Discovering probabilistic association rules between items in large databases is becoming an important process as the size and availability of the data increase. Today, the success of mining association rules technology is usually attributed to the a-priori optimization idea. A drawback of a-priori is the implicit assumption that all items have similar prior probabilities, which makes it sensitive to the support threshold and, for a specific threshold, it may miss some rules of higher confidence than the output ones. To catch these rules, a lower support level must be used which in turn makes the a-priori optimization less useful. To avoid these problems, we propose a new technique based on the relative support between items and the notion of association graph that captures the association relationships between the items. We present a necessary and sufficient condition for the existence of a rule with specific confidence. The necessary part of this condition is used to generate candidate itemsets without counting them from the database. Since the degree of any node in the association graph is bounded, generating the maximal itemsets is efficient. We provide a recursive algorithm to generate all maximal itemsets. The new method is suitable for interactive mining.
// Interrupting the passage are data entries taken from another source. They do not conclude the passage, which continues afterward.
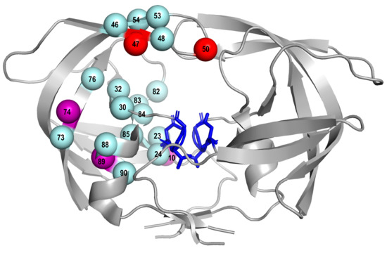 Three of the mutations were on four expert lists including L10F, T74P, and L89V. T74P and L89V were considered to be accessory mutations based on analyses of phenotypic and clinical data derived from the POWER studies that led the FDA approval of darunavir [22]. L10F has been shown to be an accessory DRM associated with reduced in vitro lopinavir and darunavir susceptibility [23,24,25]. The addition of these three mutations the current list of PI-SDRMs would have increased the prevalence of PI-associated TDR by a median of 0.3% (range: 0 to 0.5%) in the representative sample of 10 recent TDR studies (Table S5). Figure 3 shows the locations of the PI-SDRMs and the three candidate mutations (L10F, T74P, and L89V) within the three-dimensional structure of HIV-1 protease.
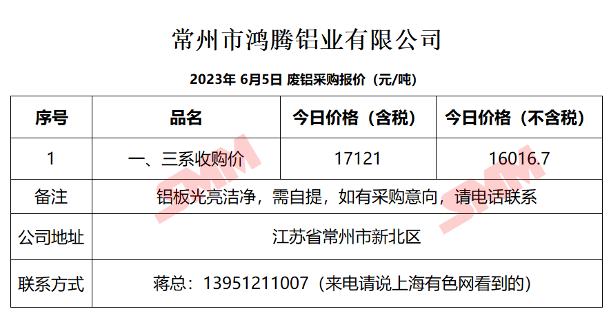 今日常州市鸿腾铝业有限公司 废铝采购报价已更新,有货的朋友欢迎联系我们!
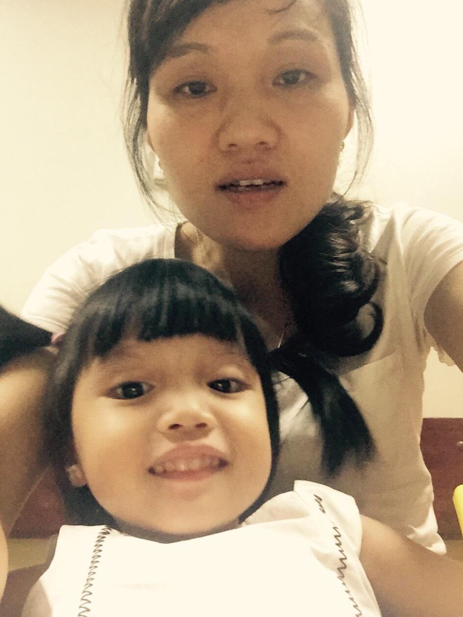Diệu Anh cùng mẹ chụp chung bức ảnh gửi cho bố đang công tác xa nhà. |
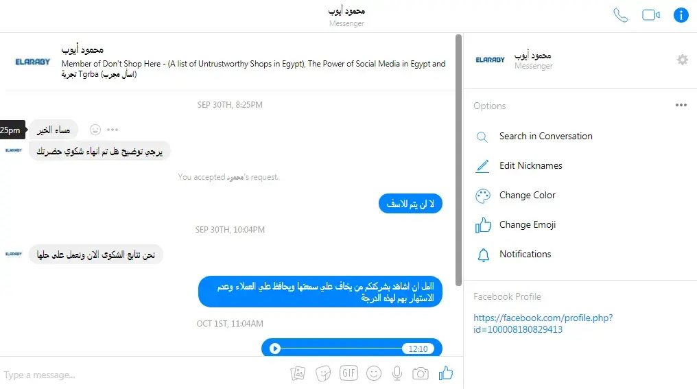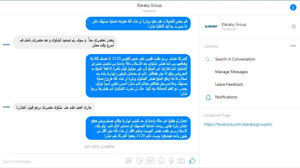 I share my probleme on facebook as below and no one answer me from elaraby :-
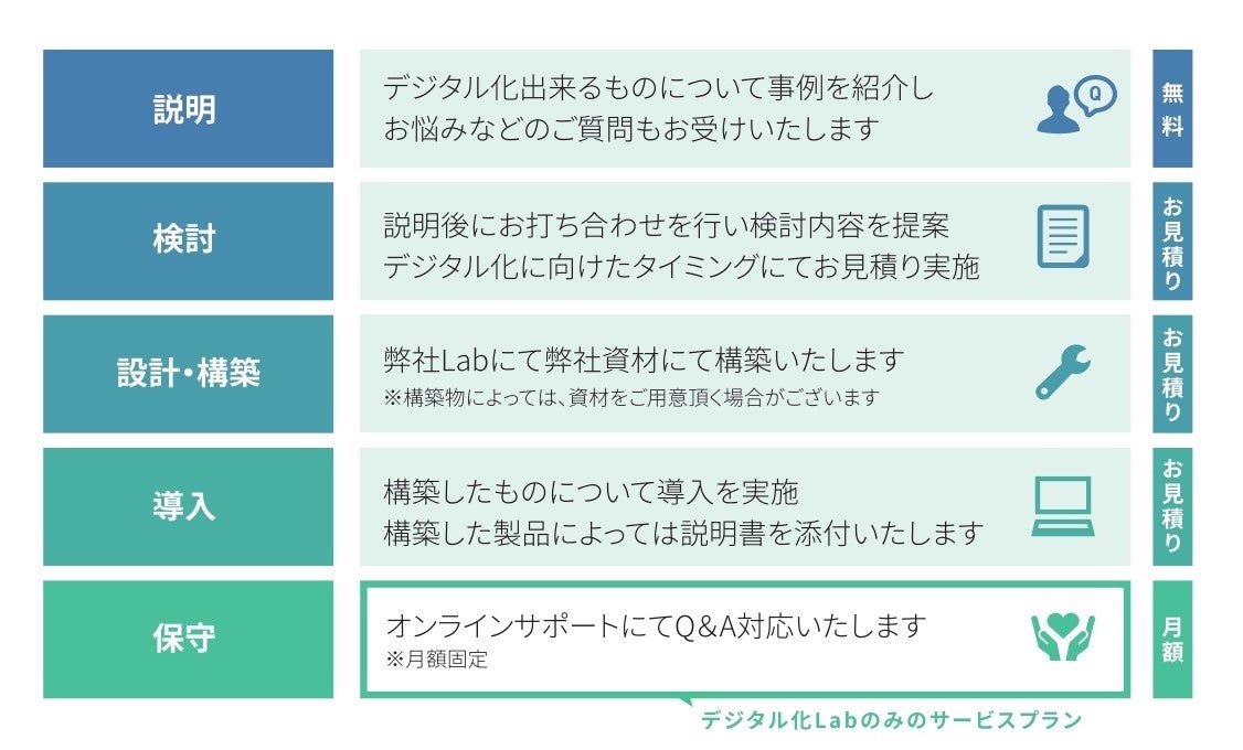 ProVisionは、これまでもRPA導入支援サービスや、学校施設向けのキッティングサービスなどを通して、デジタル化(DX)に向けた課題解決に取り組んでまいりました。この度は、DXを推進したいが知見がない、必要なIT人材が確保できない、予算が限られていてなかなか着手できない、などのお悩みを抱える企業様に向けたサービスを検討した結果、「デジタル化おまかせLab」のご提供に至りました。
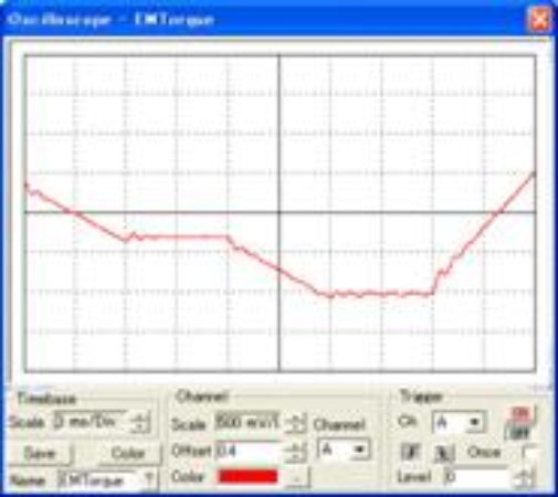 Fig.17では3個のオシロスコープを定義し、解析中に回転位置、速度、トルクをモニタできるようにしています。Fig.19にモニタされたオシロスコープ出力を示します。計算中に経過を見ることが出来、PSIMの便利な機能といえます。EMSolutionのモニタとして活用できるかと思います。経過に異常があった場合、計算を途中で停止したり中止したりすることも出来ます。
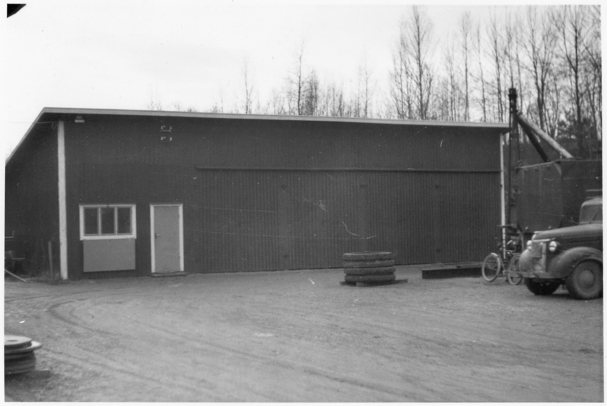 Depåförrådet i Ånstaberg (Vägstation T5). Förrådsbyggnad. Lastbil skymtar till höger, cykel.
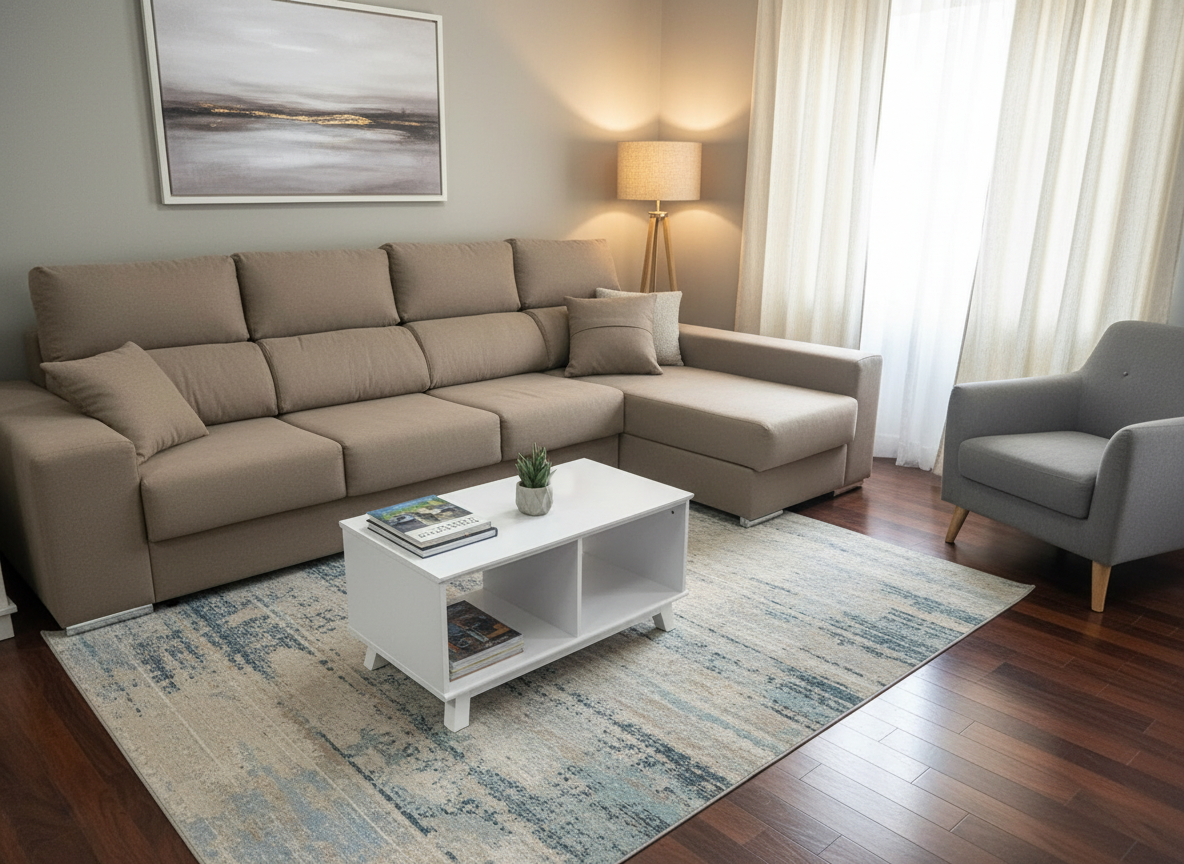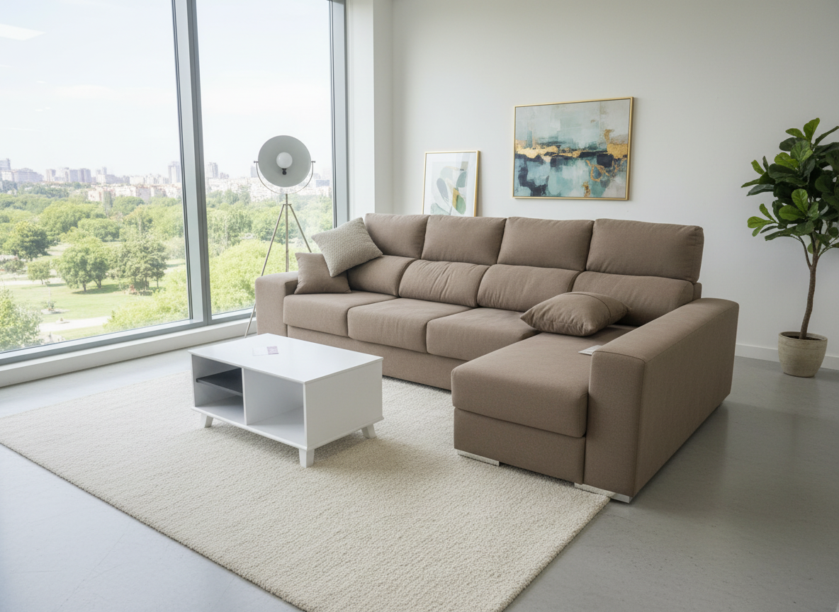 El sofá "Covadonga" combina versatilidad, comodidad y diseño moderno. Su estructura de líneas rectas y su tapizado en marrón claro, que le da un aspecto cálido y acogedor y fácil de integrar en diferentes estilos de decoración.
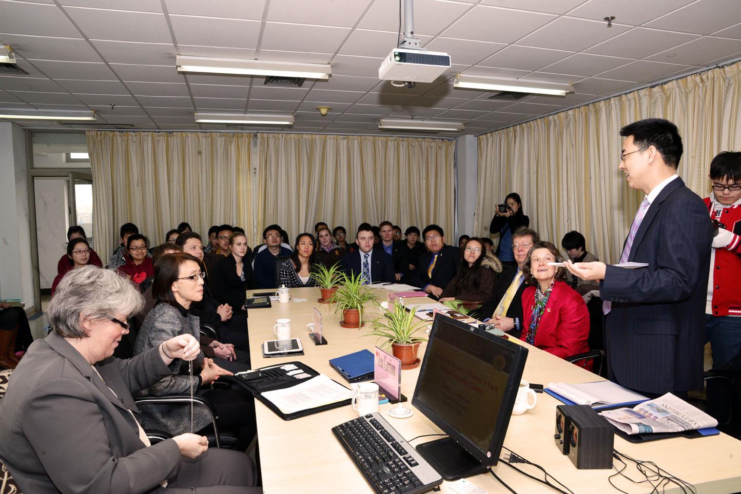 上午的会谈结束后,Jean Carrison教授做了Obama’s East Asia Policy的精彩演讲。讲座由张勇安教授主持,来自怀俄明大学的外国学生、孔子学院留学生、研究生院、人才学院的五十余名学生参加了此次讲座并进行了热烈的讨论。Jean Garrison 是美国怀俄明大学国际关系研究中心主任,对国际关系有着独到而深刻的见解,她曾经在sunbet申搏官方网站做过数次讲座,每次讲座都受到学生的热烈欢迎,此次讲座也不例外。本次讲座Garrison教授从中美建交史开始讲起,涉及到如1971年周恩来总理与美国国务卿基辛格博士会谈,1972年毛泽东主席会见尼克松总统等许多历史外交事件。Garrison教授的讲座图文并茂,即幽默风趣又引人深思。讲座结束后,Garrison教授与来自中美的大学生研究生一起讨论的关于历史、外交及时政等问题。张勇安教授最后做了总结。
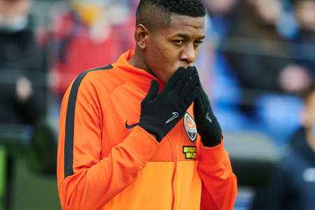 Kharkiv, Ukraine - February 20, 2020: Forward of Shakhtar Donetsk Taison in UEFA Europa League vs Benfica. Film noise on photo
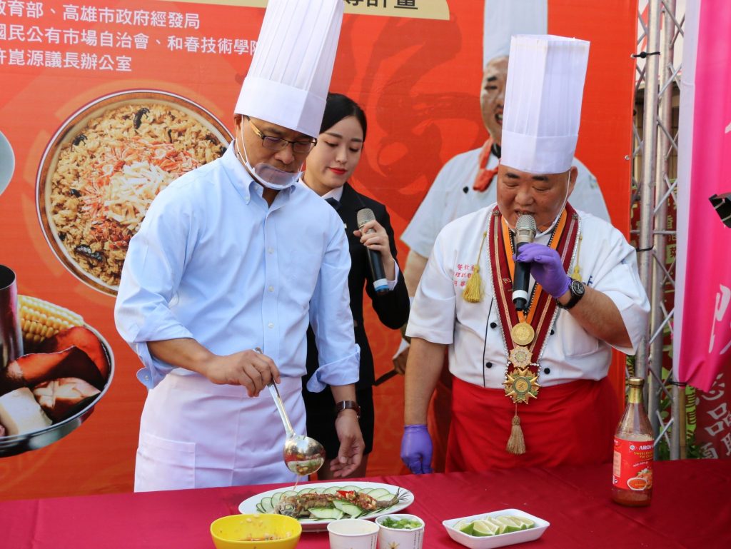 高雄國民公有市場開市迄今50餘年,各類蔬果、肉品、水產、熟菜,從庶民價格到高檔食材一應俱全,客群涵蓋普羅大眾,每逢年節更是擠滿採購民眾,成為高雄另類年節風景。今日上午由阿華師帶領民眾採購年菜,並現場教授烹飪秘訣,六道飯店級料理只花費1688元,副市長葉匡時也戴上廚師帽一起準備年菜,祝福大家開心過好年。
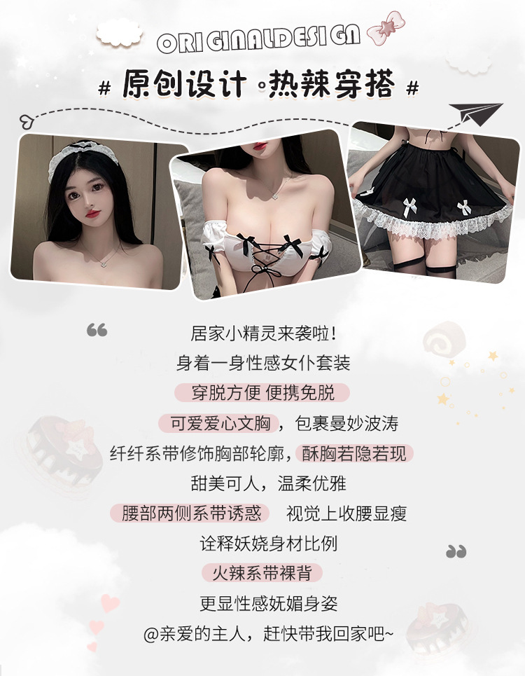 섹시한 이너웨어 메이드복 유혹 세트 침대에서 핫한 작은 가슴이 더 커 보이는 잠옷 2670스토어 가기
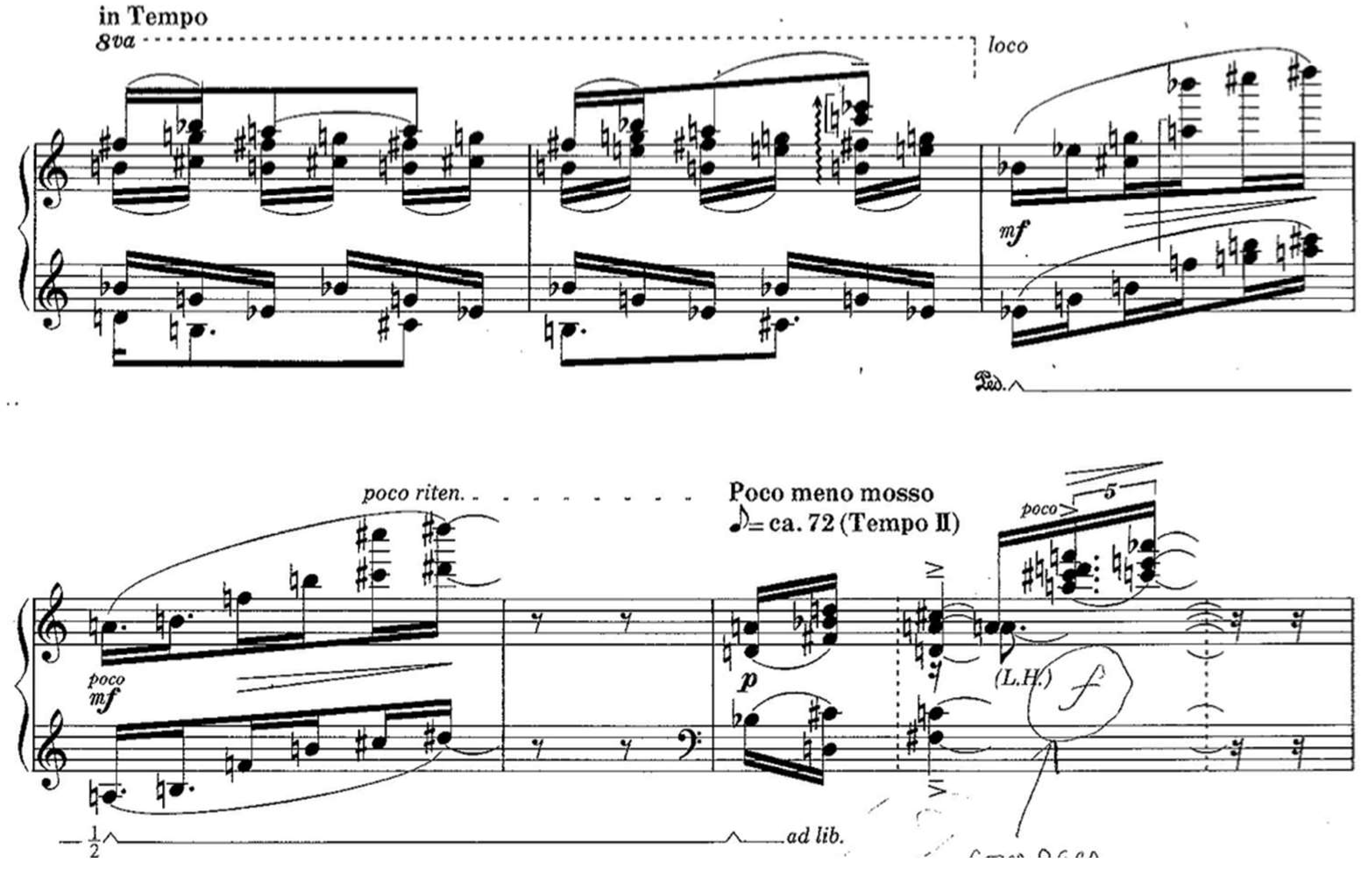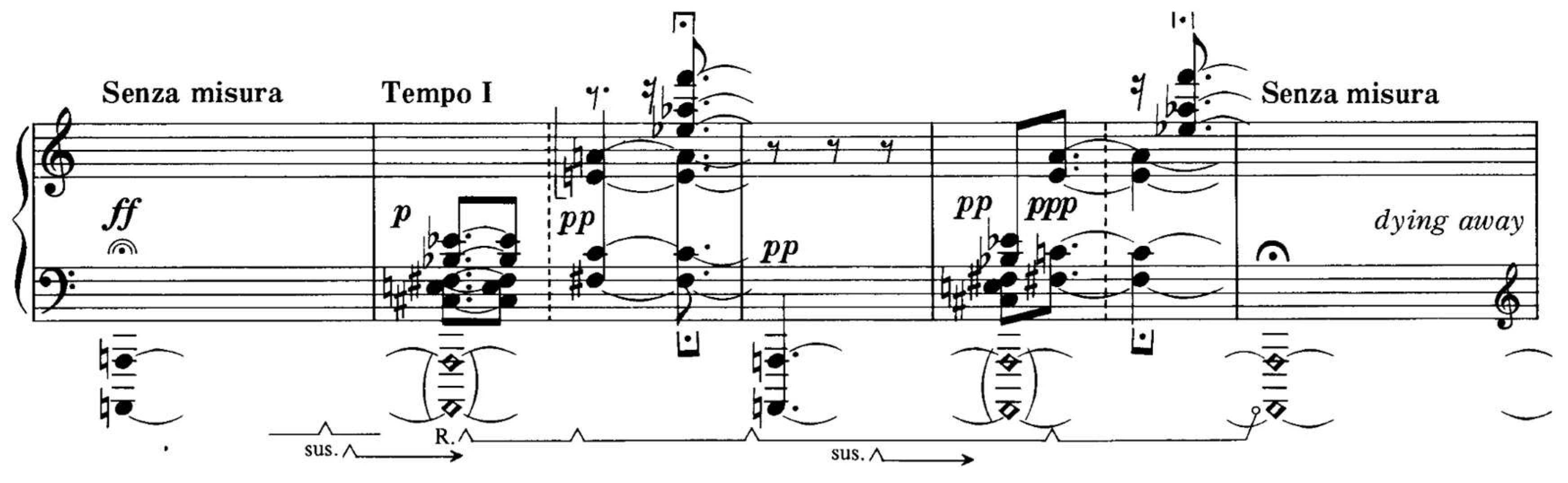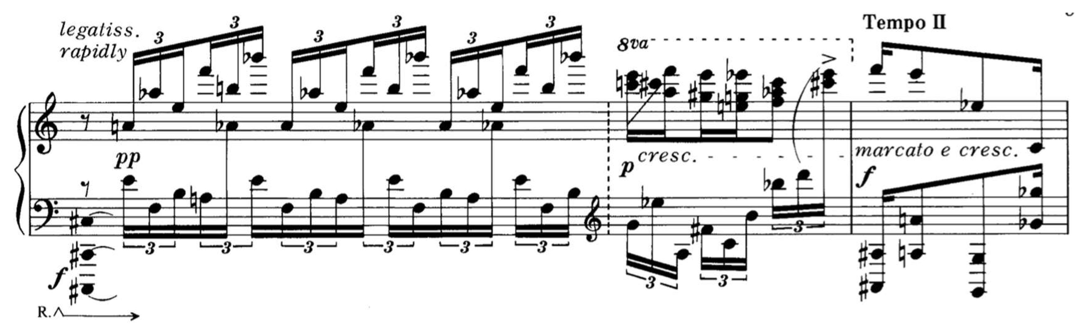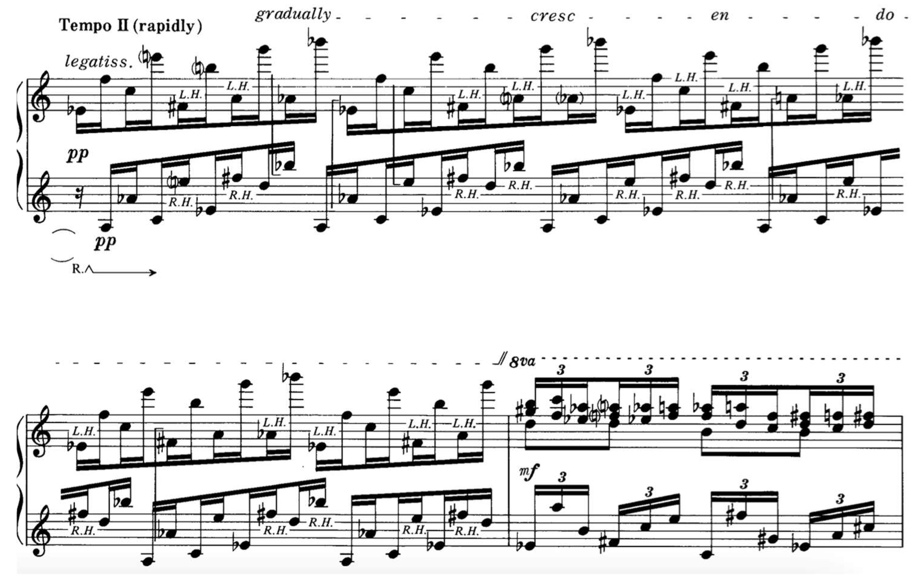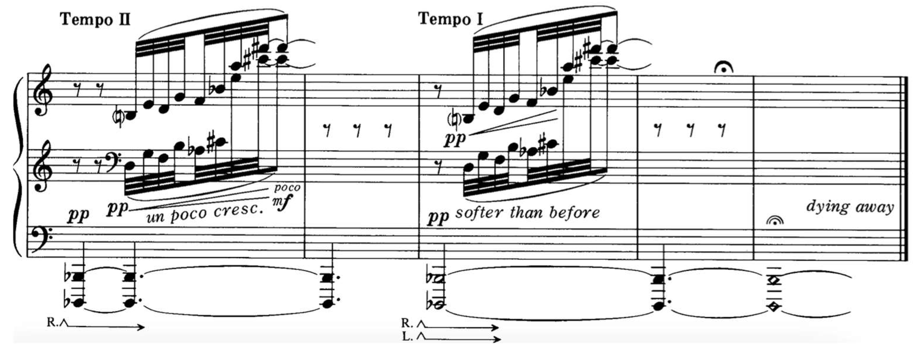 Figure 5) to “leggerissimo rapidly” while instructing players to keep sustain pedal pressed until the phrase ends thus producing a controlled yet natural sound.

机译:发现大型数据库中的项目之间的概率关联规则正在成为数据增加的大小和可用性的重要过程。今天,采矿协会规则技术的成功通常归因于a-priori优化的想法。 a-priori的缺点是所有项目具有类似的现有概率的隐含假设,这使得对支持阈值敏感,并且对于特定阈值,它可能会错过比输出比输出更高的置信度规则。为了捕获这些规则,必须使用较低的支持级别,这反过来使a-priori优化不太有用。为避免这些问题,我们提出了一种基于项目之间的相对支持的新技术和关联图之间的概念,其捕获项目之间的关联关系。我们为特定信心存在一个规则存在的必要和充分条件。此条件的必要部分用于生成候选项集,而无需将它们与数据库计数。由于关联图中的任何节点的程度被界定,因此生成最大项集是有效的。我们提供递归算法来生成所有最大项集。新方法适用于互动挖掘。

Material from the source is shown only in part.